What you should do -
Copy out, from the data, each line containing the string "pour".

*** Provided records

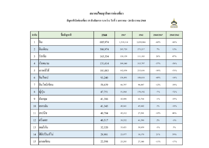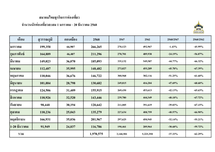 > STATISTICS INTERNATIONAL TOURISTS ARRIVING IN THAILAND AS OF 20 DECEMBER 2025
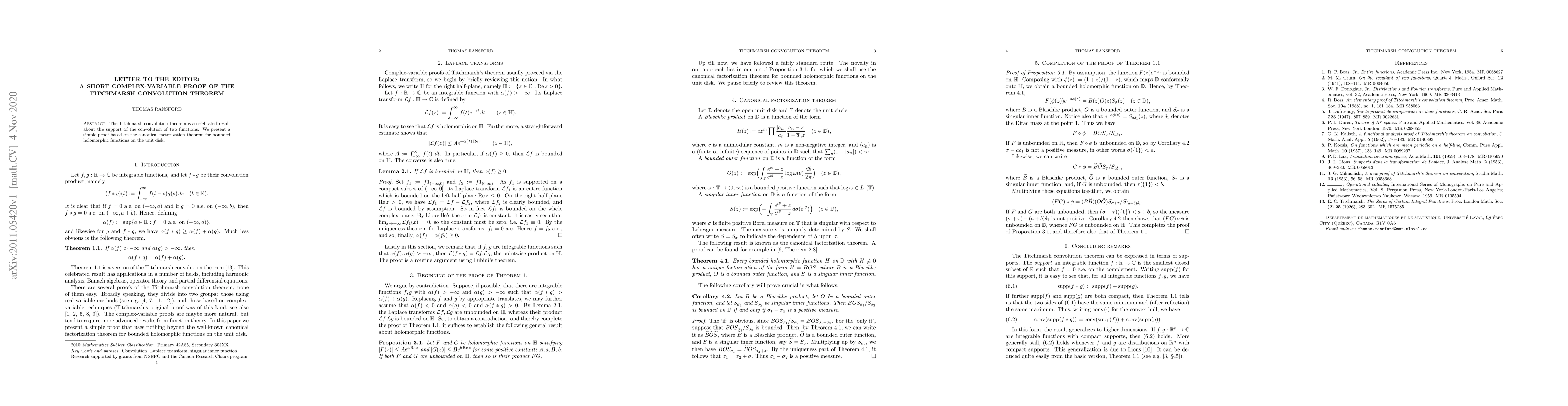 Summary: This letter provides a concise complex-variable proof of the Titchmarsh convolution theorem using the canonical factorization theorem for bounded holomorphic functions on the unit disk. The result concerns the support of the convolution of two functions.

******
*** Provided records

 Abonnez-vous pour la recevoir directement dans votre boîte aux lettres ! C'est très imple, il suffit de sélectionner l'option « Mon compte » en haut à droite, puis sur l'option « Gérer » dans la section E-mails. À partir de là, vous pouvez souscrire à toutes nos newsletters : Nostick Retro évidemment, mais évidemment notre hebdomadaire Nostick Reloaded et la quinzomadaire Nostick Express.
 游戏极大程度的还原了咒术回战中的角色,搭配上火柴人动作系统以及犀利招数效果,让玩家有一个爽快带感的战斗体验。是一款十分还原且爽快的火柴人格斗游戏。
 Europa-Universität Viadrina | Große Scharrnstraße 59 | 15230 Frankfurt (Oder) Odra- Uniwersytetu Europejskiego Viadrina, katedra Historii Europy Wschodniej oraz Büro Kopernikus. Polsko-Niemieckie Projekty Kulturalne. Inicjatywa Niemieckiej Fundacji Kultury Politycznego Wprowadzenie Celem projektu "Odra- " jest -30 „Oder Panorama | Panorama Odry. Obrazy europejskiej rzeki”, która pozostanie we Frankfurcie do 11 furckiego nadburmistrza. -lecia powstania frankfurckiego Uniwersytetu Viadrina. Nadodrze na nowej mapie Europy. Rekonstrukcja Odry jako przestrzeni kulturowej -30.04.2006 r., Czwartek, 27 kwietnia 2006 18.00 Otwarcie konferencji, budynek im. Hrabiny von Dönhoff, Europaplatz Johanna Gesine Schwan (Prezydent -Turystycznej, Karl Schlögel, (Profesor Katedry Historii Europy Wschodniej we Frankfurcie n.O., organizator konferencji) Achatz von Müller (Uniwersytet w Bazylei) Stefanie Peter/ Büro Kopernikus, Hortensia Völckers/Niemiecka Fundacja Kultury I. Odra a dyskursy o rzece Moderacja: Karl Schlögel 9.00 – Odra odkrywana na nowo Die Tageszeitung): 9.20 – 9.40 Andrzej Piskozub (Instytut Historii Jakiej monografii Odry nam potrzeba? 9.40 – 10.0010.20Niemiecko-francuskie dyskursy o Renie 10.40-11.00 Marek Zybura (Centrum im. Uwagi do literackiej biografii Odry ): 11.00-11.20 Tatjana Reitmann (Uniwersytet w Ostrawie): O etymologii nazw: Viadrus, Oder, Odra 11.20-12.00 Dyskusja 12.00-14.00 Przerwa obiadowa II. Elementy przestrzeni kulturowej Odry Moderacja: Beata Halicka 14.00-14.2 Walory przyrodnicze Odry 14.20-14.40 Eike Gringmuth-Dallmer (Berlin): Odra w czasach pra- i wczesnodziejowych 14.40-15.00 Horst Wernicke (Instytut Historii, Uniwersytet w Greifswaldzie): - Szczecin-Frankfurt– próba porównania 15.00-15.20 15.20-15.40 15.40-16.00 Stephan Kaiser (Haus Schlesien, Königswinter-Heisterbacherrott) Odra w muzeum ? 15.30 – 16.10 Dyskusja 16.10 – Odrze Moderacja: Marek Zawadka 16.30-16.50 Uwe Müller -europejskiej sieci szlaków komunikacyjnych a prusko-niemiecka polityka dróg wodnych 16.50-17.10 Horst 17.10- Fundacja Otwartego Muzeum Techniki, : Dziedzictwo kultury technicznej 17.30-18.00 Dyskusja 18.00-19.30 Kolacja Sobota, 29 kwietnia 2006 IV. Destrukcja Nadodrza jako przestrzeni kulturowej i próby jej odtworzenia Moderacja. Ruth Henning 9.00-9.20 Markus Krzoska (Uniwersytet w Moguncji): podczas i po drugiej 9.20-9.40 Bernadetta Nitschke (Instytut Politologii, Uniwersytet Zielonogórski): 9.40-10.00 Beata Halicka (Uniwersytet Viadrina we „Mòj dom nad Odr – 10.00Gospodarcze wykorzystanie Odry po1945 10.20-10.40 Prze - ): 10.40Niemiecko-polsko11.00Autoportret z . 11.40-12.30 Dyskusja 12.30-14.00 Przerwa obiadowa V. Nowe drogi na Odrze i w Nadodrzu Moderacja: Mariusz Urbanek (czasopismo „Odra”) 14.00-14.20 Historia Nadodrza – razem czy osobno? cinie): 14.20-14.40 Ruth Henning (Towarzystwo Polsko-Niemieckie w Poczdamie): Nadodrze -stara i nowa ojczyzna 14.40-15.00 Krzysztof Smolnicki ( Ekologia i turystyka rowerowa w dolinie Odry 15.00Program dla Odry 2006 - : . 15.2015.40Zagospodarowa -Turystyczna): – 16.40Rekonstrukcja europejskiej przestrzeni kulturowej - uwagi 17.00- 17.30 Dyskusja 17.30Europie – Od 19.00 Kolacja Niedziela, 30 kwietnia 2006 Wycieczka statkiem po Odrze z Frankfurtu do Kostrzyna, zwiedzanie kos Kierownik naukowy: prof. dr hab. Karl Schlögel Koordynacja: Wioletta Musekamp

******
*** Provided records

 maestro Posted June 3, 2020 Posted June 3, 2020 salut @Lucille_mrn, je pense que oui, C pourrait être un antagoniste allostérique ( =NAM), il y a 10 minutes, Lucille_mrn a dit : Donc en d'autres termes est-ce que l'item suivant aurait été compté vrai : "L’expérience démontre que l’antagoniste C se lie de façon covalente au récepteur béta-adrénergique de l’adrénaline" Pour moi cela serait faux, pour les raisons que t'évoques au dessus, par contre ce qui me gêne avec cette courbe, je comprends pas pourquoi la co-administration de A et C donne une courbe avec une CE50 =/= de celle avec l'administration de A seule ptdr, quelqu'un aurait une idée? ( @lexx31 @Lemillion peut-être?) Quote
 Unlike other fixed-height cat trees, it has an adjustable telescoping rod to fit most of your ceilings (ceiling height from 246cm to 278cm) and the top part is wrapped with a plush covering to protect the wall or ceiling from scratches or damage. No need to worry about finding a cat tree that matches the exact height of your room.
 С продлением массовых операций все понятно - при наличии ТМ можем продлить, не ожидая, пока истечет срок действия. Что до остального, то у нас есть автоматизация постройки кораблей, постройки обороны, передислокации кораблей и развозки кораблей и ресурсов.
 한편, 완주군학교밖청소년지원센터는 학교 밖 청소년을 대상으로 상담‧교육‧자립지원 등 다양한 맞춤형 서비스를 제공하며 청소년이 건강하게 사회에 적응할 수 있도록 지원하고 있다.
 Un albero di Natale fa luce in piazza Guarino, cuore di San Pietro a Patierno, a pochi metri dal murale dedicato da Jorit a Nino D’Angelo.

******

Response to this task -
 Abonnez-vous pour la recevoir directement dans votre boîte aux lettres ! C'est très imple, il suffit de sélectionner l'option « Mon compte » en haut à droite, puis sur l'option « Gérer » dans la section E-mails. À partir de là, vous pouvez souscrire à toutes nos newsletters : Nostick Retro évidemment, mais évidemment notre hebdomadaire Nostick Reloaded et la quinzomadaire Nostick Express.
 maestro Posted June 3, 2020 Posted June 3, 2020 salut @Lucille_mrn, je pense que oui, C pourrait être un antagoniste allostérique ( =NAM), il y a 10 minutes, Lucille_mrn a dit : Donc en d'autres termes est-ce que l'item suivant aurait été compté vrai : "L’expérience démontre que l’antagoniste C se lie de façon covalente au récepteur béta-adrénergique de l’adrénaline" Pour moi cela serait faux, pour les raisons que t'évoques au dessus, par contre ce qui me gêne avec cette courbe, je comprends pas pourquoi la co-administration de A et C donne une courbe avec une CE50 =/= de celle avec l'administration de A seule ptdr, quelqu'un aurait une idée? ( @lexx31 @Lemillion peut-être?) Quote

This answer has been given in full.